I was born and raised in Mexico and have only been in Canada for three years. My family encouraged my choice to come here because Canada’s educational, political and economic systems are admired by the rest of the world.
I feel privileged to be here and I’m making the most of unexpected opportunities to learn first-hand about labour relations in Canada and about Canadian student politics. Workers and employers seem to engage in the same struggle the world over. However, Canadian student politics is like nothing I’ve ever seen.
Although I love my country, in Mexico there is frequent misuse of authority at many levels. We recognize this problem and often question authority. We speak out, we criticize and often a lot of wrongs get righted.
The first step to correct any problem is to recognize that it exists. I see a problem in the UVSS. In Mexico, we would recognize it as misuse of authority. At UVic, there seems to be great reluctance to recognize that anything truly bad could happen here.
Last Thursday the Students’ Society held its AGM. Was it open, honest and democratic? I don’t think so. The location wasn’t announced until the last minute, and for a society with 16,000 members the board booked a room with 156 seats.
In the middle of a total breakdown in all operations of the Society, no faculty or university administrators were there to observe or advise. Graduate students willing and able to offer assistance were not allowed in the room.
Non-student employees of the society who might have contributed their perspectives were excluded. It was well-known that a procedural question about a special resolution to remove directors would arise. Nobody with independent expert knowledge was present to address it.
I had read the bylaws carefully, sought an expert opinion and diligently followed the simple procedure that allows students to vote to remove their current directors at an Annual General Meeting should they wish to do so.
I collected four times the requisite number of signatures to place a special resolution, and the Martlet published the requisite two weeks notice of a vote for the removal of directors to take place at the AGM.
The chair and board are probably doing their best, and I think most students realize that.

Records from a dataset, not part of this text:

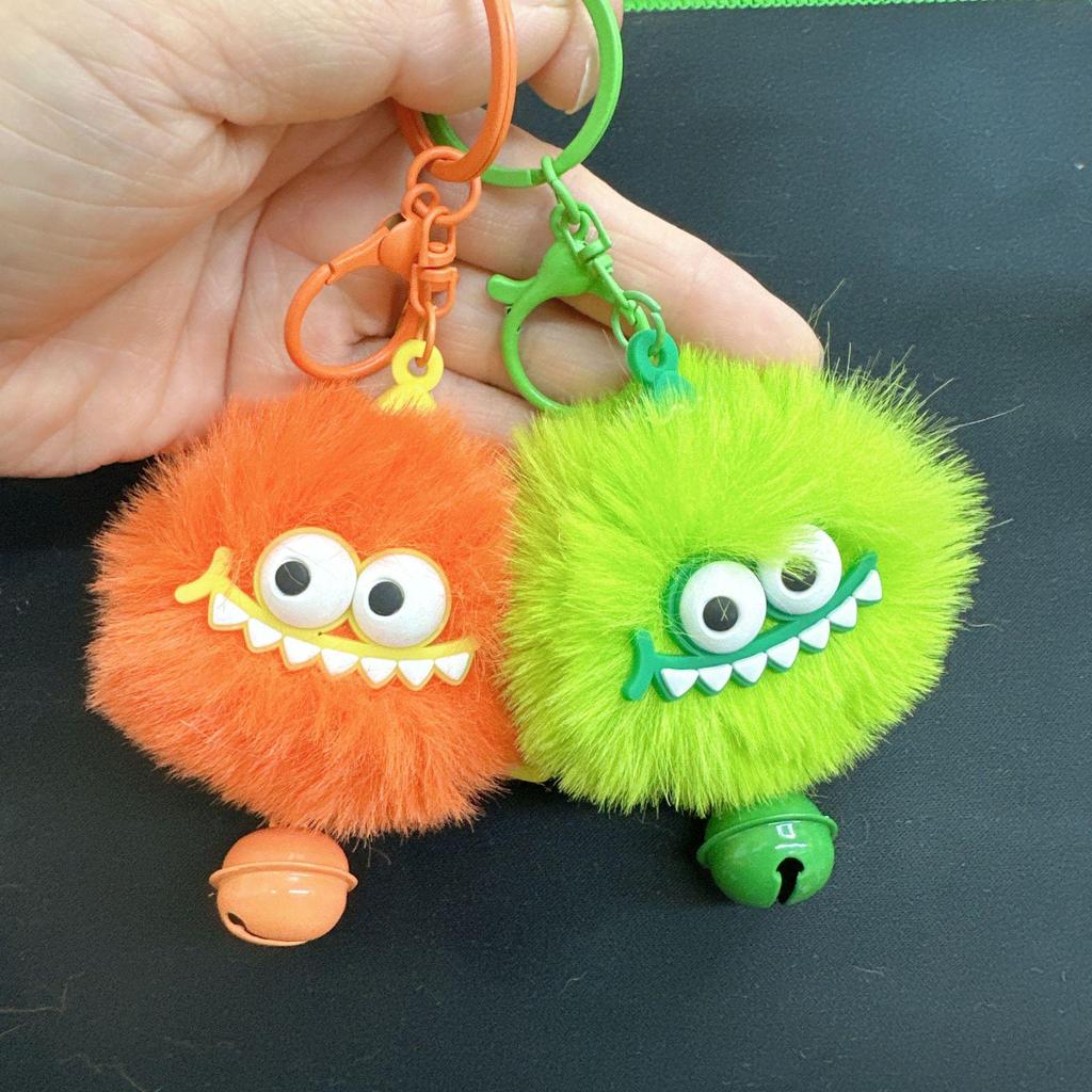 Brelok Mały Potwór Dinozaur: Uroczy Pluszowy Królik Rex z Futra z Dzwoneczkiem - Akcesorium do Torebki i Telefonu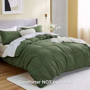 Show more Transform your bedroom into a serene sanctuary with the Bedsure Duvet Cover Queen Size. This luxurious duvet cover set is crafted from ultra-soft double brushed polyester microfiber, ensuring an unparalleled softness that beckons you to snuggle in. The smooth surface is not only breathable, allowing for comfortable sleep, but also silent; say goodbye to rustling and hello to undisturbed nights. This stylish duvet cover set in chic Olive Green is perfect for both children's and adults' bedrooms, providing a blissful atmosphere with just the right touch of style.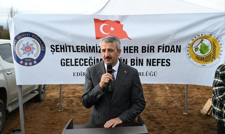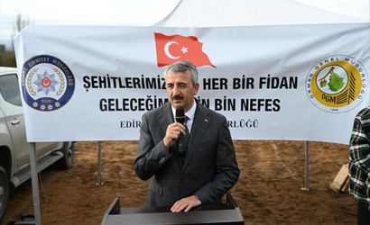 Emniyet Genel Müdürlüğü Daire Başkanlığı ile Orman Genel Müdürlüğü'nün "Şehitlerimiz İçin Bir Fidan, Geleceğimiz İçin Bir Nefes" projesi kapsamında, Edirne'nin Lalapaşa ilçesine bağlı Çömlekköy köyünde toplam 500 fidan toprakla buluştu.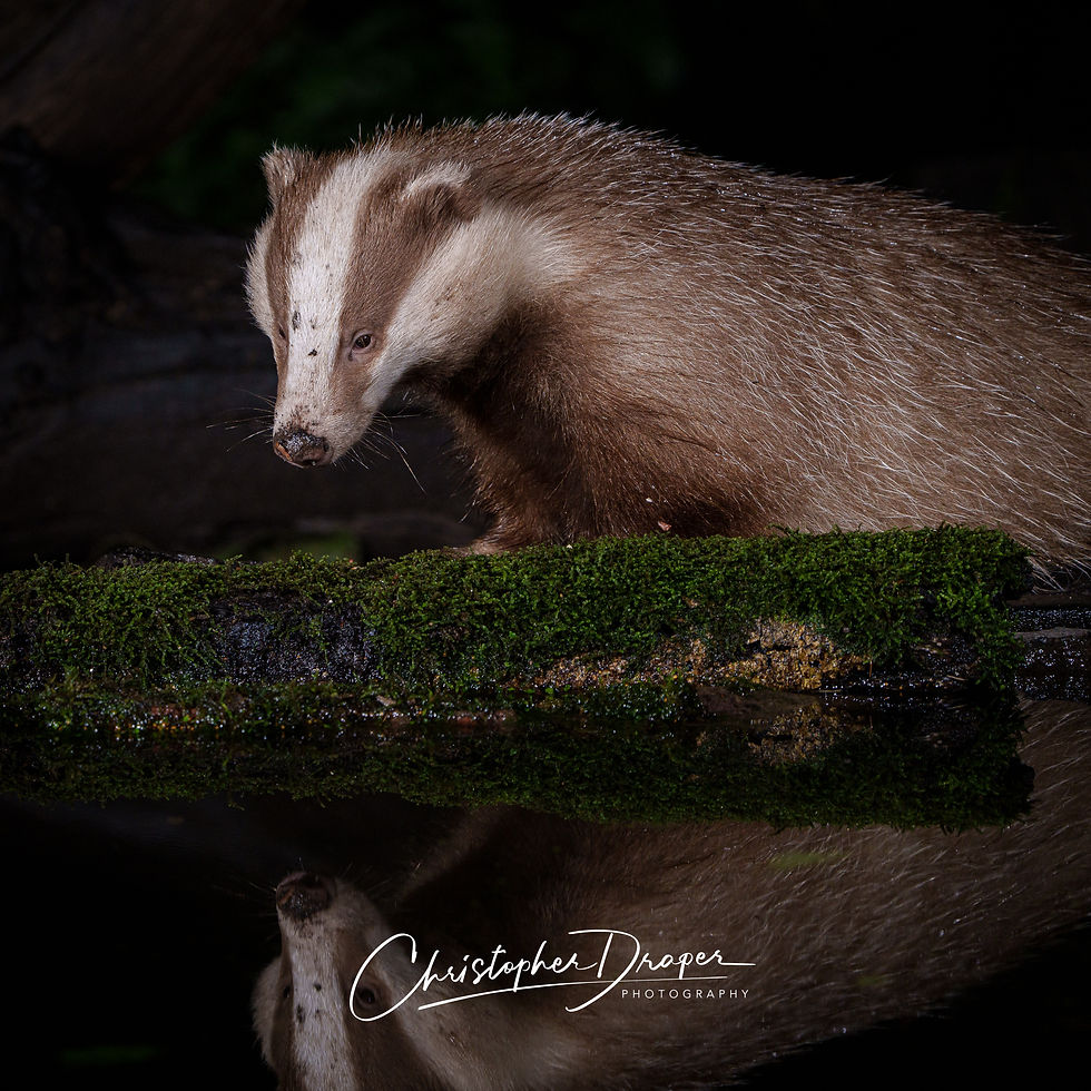 Roughly twenty minutes later, another erythristic badger appeared — perhaps even the same one returning — and stayed a little longer to feed on the peanuts scattered around the set. I managed to capture a few lovely shots, including one of it drinking from the pool, the lighting catching the warm tones of its coat perfectly.

Still, with an increasingly bitter strike, a chair who crosses the picket line every morning and a growing mountain of garbage behind the SUB, it is not surprising that hundreds of students want to at least be allowed to consider a change in leadership.
The option to vote to remove directors at general meetings is a safety catch so members can intervene when the wheels come off a non-profit society and a change of leadership is needed between elections.
Two weeks ago, UVSS chair Caitlin Meggs wrote in this space that there would be no opportunity to remove her at the AGM because, in her opinion, I had not followed the bylaws correctly. She was wrong.
Ms. Meggs left out Bylaw 10.4 (a) entirely and inserted the word “only” into Bylaw 10. 4 (b).
I used the process that is appropriate when a general meeting is already scheduled and the goal is to add the item to the proceedings.
Now that the AGM is over, another process is needed. A special general meeting would have to be called, just to vote on whether to remove the directors.
The chair of the AGM was Amanada Aziz from the Canadian Federation of Students. Would she want the UVSS board removed? I don’t think so.
With no independent advisers present, and without the bylaws in front of them, she invited students to vote on whether to accept me, José Barrios, or her, as an authority on the bylaws. Amanda Aziz told students that it would be incorrect to allow a vote on the resolution to remove our directors, and a majority of the students voted to respect the rules as interpreted for them by the chair.
Aziz radiated competence and openness. I would have believed her myself if I didn’t know our bylaws inside out and backwards. Still, she also left out Bylaw 10.4 (a) and she was just as wrong, in just the same way, as Caitlin Meggs.
What can be done?
I will canvass students again, to see if five per cent of undergraduates want to hold a special general meeting and vote on whether to remove the board.
It would be best if many more than 165 students come out to vote, to ensure a substantial mandate one way or the other.
A room that can accommodate at least 500 should be reserved and the meeting should be open to the public.
The university community must be allowed to contribute to our discussion and decision making. A chair with no ties of any kind to the board is essential. The meeting must be open and completely transparent.
Anything less is unworthy of this campus and this country.